> **The records**

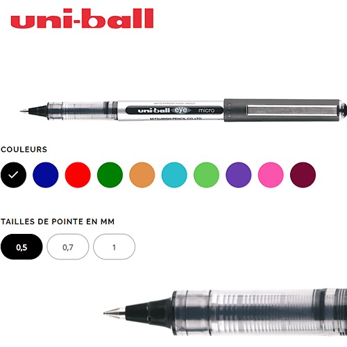 🖊️ Stylo Roller Uni-Ball EYE Pointe Aiguille – Écriture Fluide, Encre Infalsifiable et Couleurs Intenses
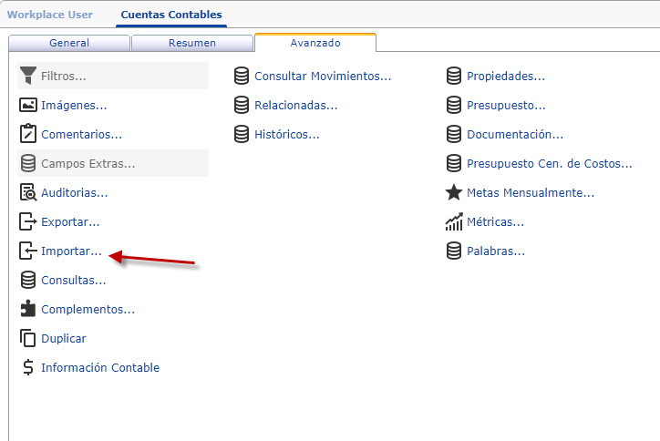 b. Se nos desplegara la pantalla de "Cuentas Contables" en ella iremos a la ficha de "Avanzado" y seleccionaremos "Exportar".
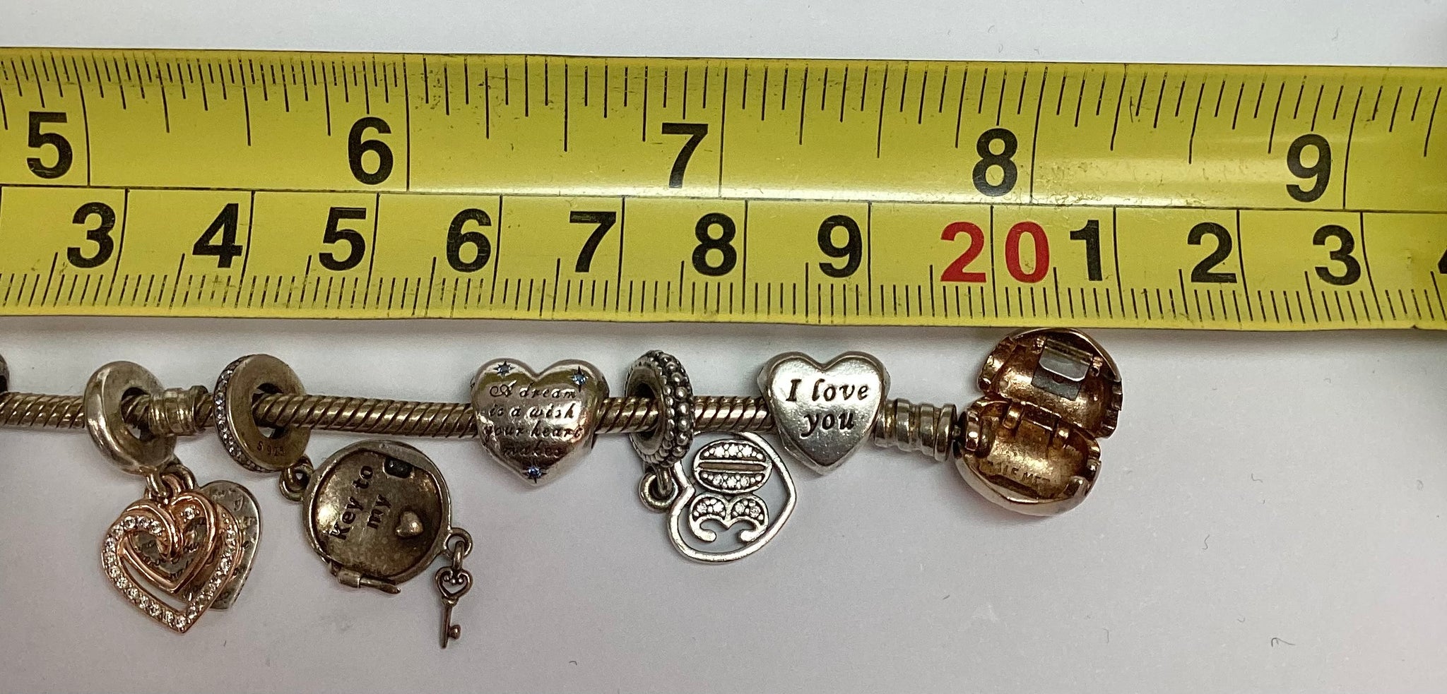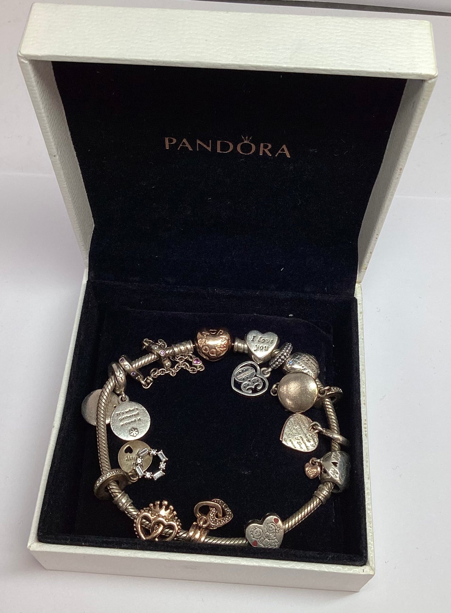 This Pandora charm bracelet is 21cm" and comes with the charms as pictured. In good condition.
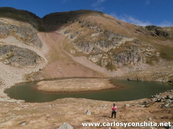 Enseguida llegamos al lago de Isla, que tiene ese nombre por la existencia de una especie de isla en el centro, a la que se puede llegar sin problemas por unas piedras que la unen a "tierra firme". Cuando llegamos al lago, realmente casi no se vé la isla, pero si lo bordeamos por nuestra derecha, veremos enseguida el paso que nos permite ir al centro. Cruzamos despues por las piedras para ir al centro, y desde allí podemos ver enfrente el punto de "desague" del lago por donde hemos llegado, y al fondo , las montañas del otro lado del valle de Incles
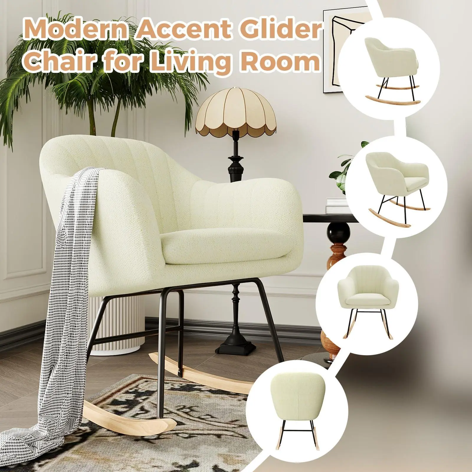 Sturdy & Durable Frame: The glider rocking chair is made of metal and solid wood, which ensures great stability and a high load capacity of 350 LBS. Curved leg pads on the legs protect your floor from scratches.

> **Exercise**
Hand back the records above exactly, leaving out every picture.

> **Response box**
 🖊️ Stylo Roller Uni-Ball EYE Pointe Aiguille – Écriture Fluide, Encre Infalsifiable et Couleurs Intenses
 b. Se nos desplegara la pantalla de "Cuentas Contables" en ella iremos a la ficha de "Avanzado" y seleccionaremos "Exportar".
 This Pandora charm bracelet is 21cm" and comes with the charms as pictured. In good condition.
 Enseguida llegamos al lago de Isla, que tiene ese nombre por la existencia de una especie de isla en el centro, a la que se puede llegar sin problemas por unas piedras que la unen a "tierra firme". Cuando llegamos al lago, realmente casi no se vé la isla, pero si lo bordeamos por nuestra derecha, veremos enseguida el paso que nos permite ir al centro. Cruzamos despues por las piedras para ir al centro, y desde allí podemos ver enfrente el punto de "desague" del lago por donde hemos llegado, y al fondo , las montañas del otro lado del valle de Incles
 Sturdy & Durable Frame: The glider rocking chair is made of metal and solid wood, which ensures great stability and a high load capacity of 350 LBS. Curved leg pads on the legs protect your floor from scratches.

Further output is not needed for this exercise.